# What is the wavelength of Argon Lasers?



## IsaacHayes (Nov 15, 2005)

Is it usualy 488nm? Or can it be a couple other wavelengths? And what does that look like exactly. I mean you could have a picture of a laser on the computer, but the digital camera might shift the color on you... Perhaps anyone with pics that are color corrected to be accurate?


----------



## The_LED_Museum (Nov 15, 2005)

The most common wavelength for single line TEM00 argon-ion iasers is 488nm.

A fairly decent representation of the beam color of a single-line TEM00 488nm laser beam is in this photograph:







The argon-ion laser is capable of producing approximately 10 wavelengths in the ultraviolet region and up to 25 in the visible region, ranging from 275nm to 363.8nm in the UV, and 408.9nm to 686.1nm in the visible, respectively.

In the visible spectrum, the 488nm and 514.5nm lines are most common.


----------



## IsaacHayes (Nov 16, 2005)

Craig, what part of the beam in that picture is most accurate of the color you see in real life? The very bottom of the beam, or up a little from that (more greener)?


----------



## pschlosser (Nov 16, 2005)

The part of the beam at the bottom of the pic on my monitor. That color will vary a little from display to display.
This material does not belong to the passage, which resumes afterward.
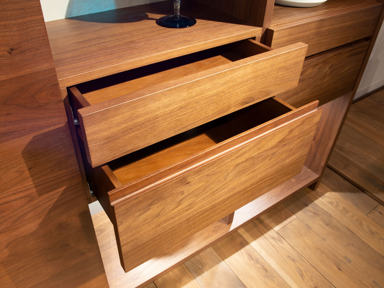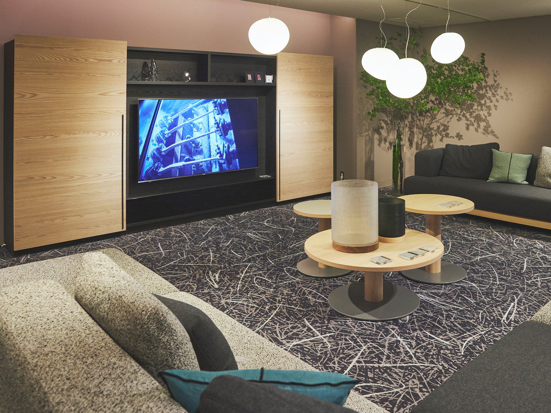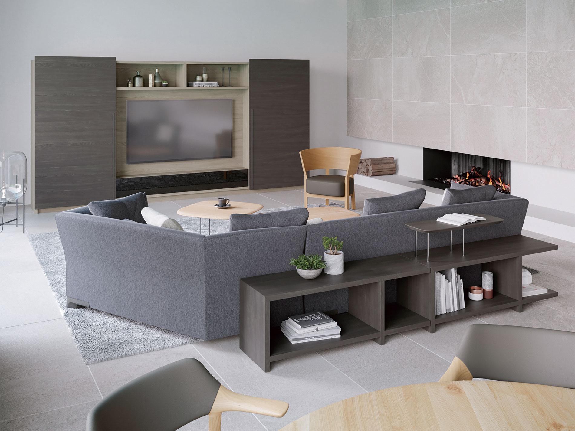 大型の扉をスライドさせることで、「見せる」と「隠す」を使い分けるキャビネット。ふだんは木質感あふれる飾り棚や書棚として使え、無機質なTVを隠して落ち着いた空間を演出します。扉は片手で軽く引くと、吸い付くように収まる仕様です。

It is a pretty distinctive color, in real life. At least from gas tube Argon lasers. I had one once, a ~200mw. It was loads of fun. Came out of a photocopier from the late 70's. I seem to recall splitting a blue, green and yellow off that beam. One other, too, cannot recall its color.

I miss the good 'ol days.


----------



## jkaiser3000 (Nov 16, 2005)

I remember having worked with one a wihle ago. I had to use the 488nm line, but when i split the laser, i could see like 10 different lines. I remember dark blue, the 488nm, green, yellow and orange, but can't recall red though. It depends on the tube and the mixture inside, i think.


----------



## The_LED_Museum (Nov 16, 2005)

IsaacHayes said:


> Craig, what part of the beam in that picture is most accurate of the color you see in real life? The very bottom of the beam, or up a little from that (more greener)?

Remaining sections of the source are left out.